大塚 全部のネタを自分たちで拾ってくるのはきびしいですからね。

 

――リスナーの存在がやっぱり大きかったんですね。それでは、そんなリスナーの皆さんに、ひと言ずつメッセージをお願いいたします。

 

黒田 今回、1年2ヵ月間続いてきたものが一旦最後となりますが、またふたりのスケジュールが合ったら、毎週とかじゃなくて、どこかで気が向いたらみたいな感じでできたら理想かなと思っています。……でもいま現在はこのラストイベントのまえなので、いかにお客さんに喜んでもらおうかっていう気持ちしかないです(笑)。出産といっしょで終わったあとヘトヘトになるんですよ。「2度と孕みたくない!」みたいな感じで(笑)。でも、そういうのってしばらく経つと忘れるんで、またラジオや公開録音ができたらいいなと、私は思っています。

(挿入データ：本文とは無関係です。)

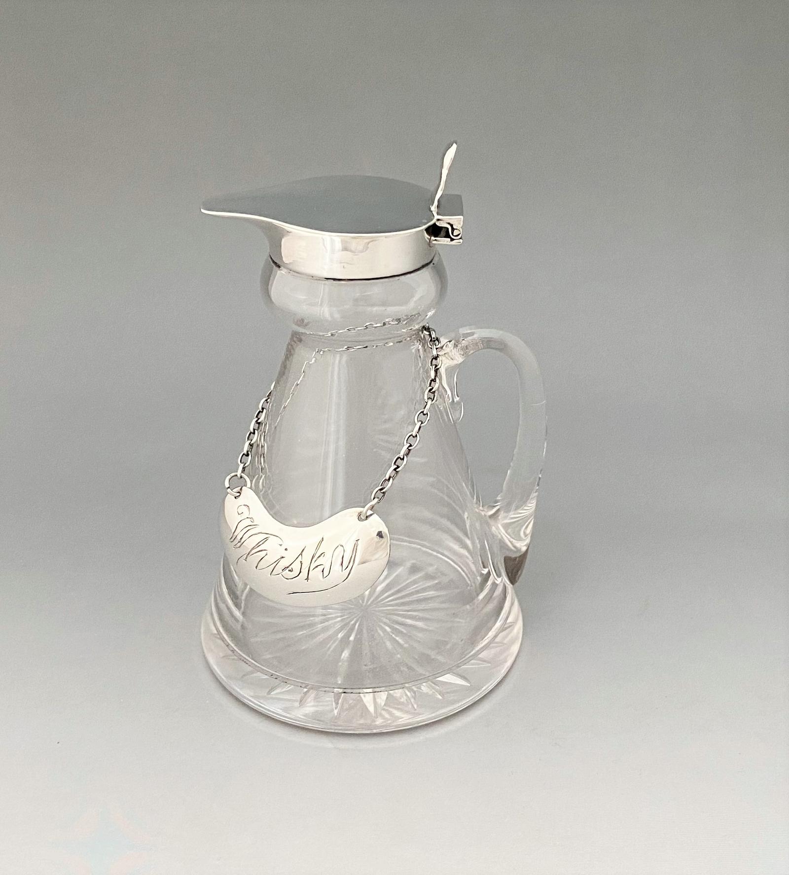 A fine George Vi silver mounted Whisky noggin or tot, with original silver label. The glass body of this delightful example is conical in shape with an applied handle and star cut base. The top is mounted with a hinged silver lid, with thumb grip and pouring lip. The kidney shaped Whisky label is also silver and has matching hallmarks. Whisky tot's are sometimes know as chotopegs and are both usable and decorative.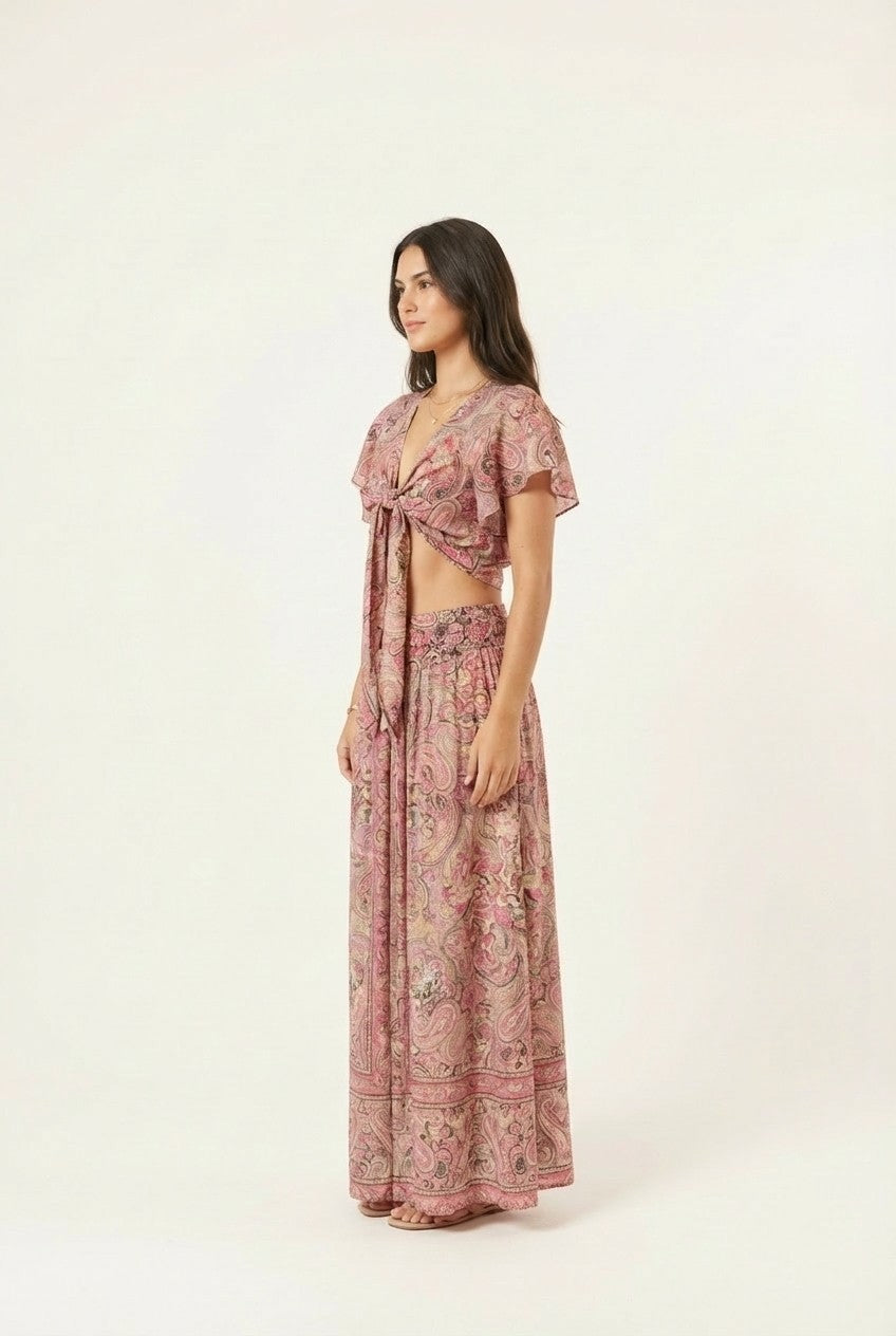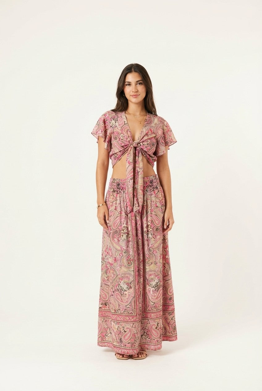 The Blossom Veil Three-Piece Set blends romantic prints with airy layers, creating a refined yet relaxed look perfect for sunlit escapes and evening strolls.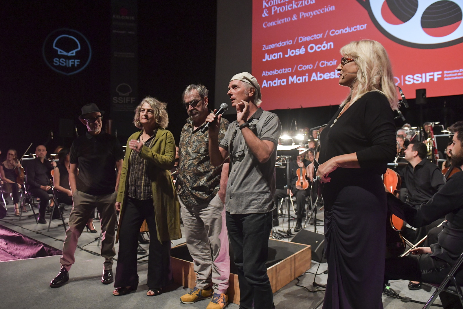 Tocar en vivo mientras se proyectan las imágenes «es un ejercicio dificilísimo de sincronización», ha querido recalcar el compositor Aitor Amezaga, quien ha destacado el papel de Juan José Ocón, el director de Euskadiko Orkestra. Este mediodía Ocón ha sido el «capitán» del «barco» en este viaje musical multitudinario en el Velódromo, y esta tarde, a las 20.00, arrancaba, en el mismo lugar, la singladura del documental ‘Sintiéndolo mucho’ con su estreno. Dirigido por Fernando León de Aranoa (‘El buen patrón’, ‘Los lunes al sol’...), este documental es el resultado de trece años de rodaje y de seguimiento de un músico y personaje tan particular como Joaquín Sabina.
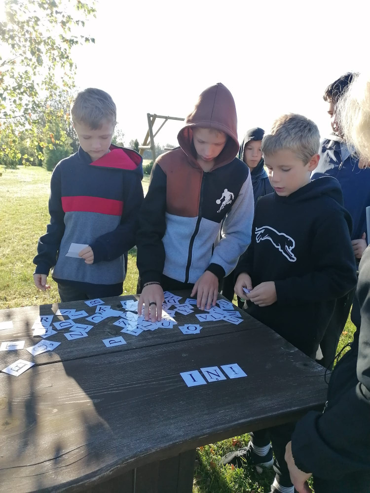 Nākošais uzdevums- no alfabēta burtiem jāsaliek koku nosaukumi, bet neierastā veidā- sāk likt no vārda pēdējā burta. Uzdevums nebūt nav viegls, ja līdzās nav špikera.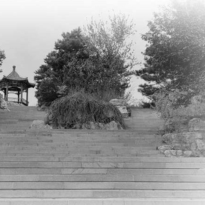 这个景区的路边有一块瓦屋造型的展板,上面的文字与那位工作人员的说法一致。展板的旁边是金台古井,多边形灰色井栏上雕有古意盎然的花纹。古井刚好位于高台的入口处,从那里拾级而上,便可抵达仿造的幽州台。那一段坡路的石阶跨度不大,却很密集,走起来一路碎步,显得姿态虔诚。高台的地面以不规则石块铺砌,函远亭与苍松兀立于乱石之上。四周竖立若干诗碑,上面的刻字除了陈子昂的《登幽州台歌》,还有李白等其他唐朝诗人的名诗。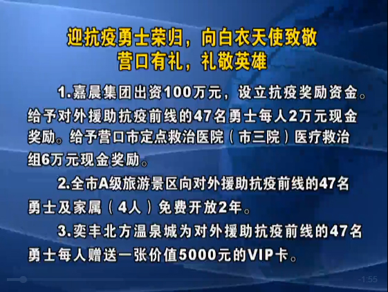 嘉晨集團(tuán)以體現(xiàn)大企業(yè)的責(zé)任與擔(dān)當(dāng),出資100萬元,設(shè)立抗疫獎勵資金。給予對外援助抗疫前線的47名勇士每人2萬元現(xiàn)金獎勵;給予營口市定點救治醫(yī)院(市三院)醫(yī)療救治組6萬元現(xiàn)金獎勵。以此表達(dá)對抗疫英雄的崇高敬意和無限愛戴。

大塚 けっきょく、「やるか?」という気分になったときにやるのがいいんでしょうね。誰かがお膳立てしてくれるわけでもないし、スポンサーがついている訳でもないですから。そこが俺たちは自由。逆に言えば、力がないところでもあるし。ふたりの「やるか!」という波長が合ったときに、またやりたいですね。